Uzzi told University World News: “The positive relationship between replication and publication productivity suggests that experience in doing research strengthens a researcher’s research. Conversely, citations can be high or low for researchers if they have had a blockbuster study.”

It was hard to say whether the finding on university prestige suggests that research at top universities is no more rigorous than research at other institutions. “Replicability is an important aspect of rigour, but not the only component.”

Upping the scale of evidence

The authors say in the PNAS paper that using a machine learning model produced evidence that both supports and refutes speculations from a smaller sample of manual replications. The results were verified with manual replication data when possible.

Brian Uzzi said: “Prior work on replication has been based on small samples with unknown generalisability. Our study provides the first census- level analysis of expected replication rates and how they vary.”

Manual replications are very expensive and slow to conduct, he pointed out, “resulting in there being far too few manual replications to generalise from. Hence, AI to the rescue!”.

University College London said in a release on 10 February that the study could help to address widespread concern about weak replicability in the social sciences, particularly psychology, and strengthen the field as a whole.

It quotes co-author Youyou Wu as saying: “Our results could help develop new strategies for testing a scientific literature’s overall replicability, self-assessing research prior to journal submission – as well as training peer reviewers.”
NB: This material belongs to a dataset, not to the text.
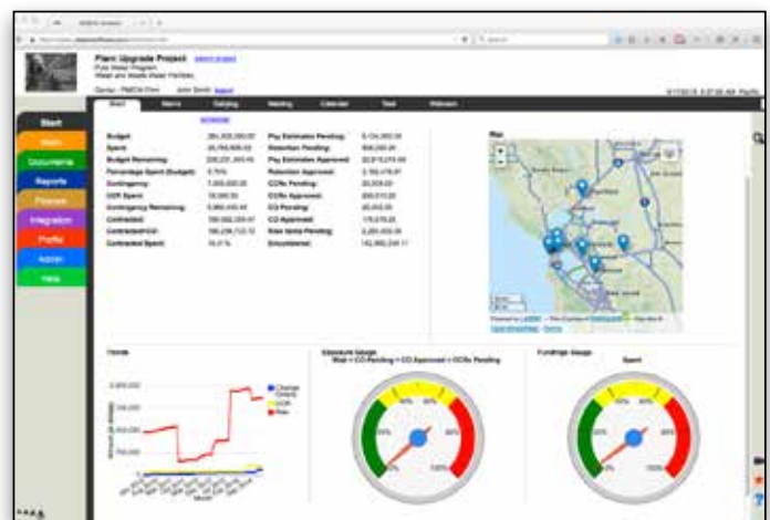
ProjectWise Construction Management's project-level dashboard.

ProjectWise Construction Management lets you manage contracts, finances, and risk exposure at the project, program or portfolio level. This is a powerful capability for construction managers and owner-operators that need to manage multiple projects and diverse funding sources.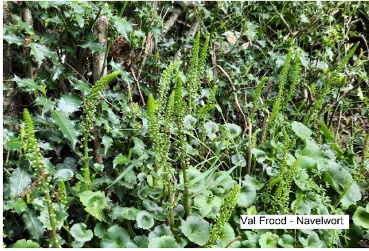
Val Frood - Navelwort

The authors write in the PNAS article: “The findings highlight the need for both academics and the public to be cautious when evaluating research and scholars using pre- and post-publication metrics as proxies for research quality.” Deciding a paper’s merits based on its media coverage is also unwise.

The model they developed could help to estimate replicability for studies that are difficult or impossible to replicate manually; and its predicted replication scores could “help prioritise manual replications of certain studies over others in the face of limited resources”.

There are limitations to the findings: that the papers studied came only from top tier journals; that the estimates of replicability are approximate; and that the training sample used lacked direct manual replication for some psychology subfields.

But they conclude: “Machine learning methods paired with human acumen present an effective approach for developing a better understanding of replicability. The combination balances the costs of testing with the rewards of exploration in scientific discovery.”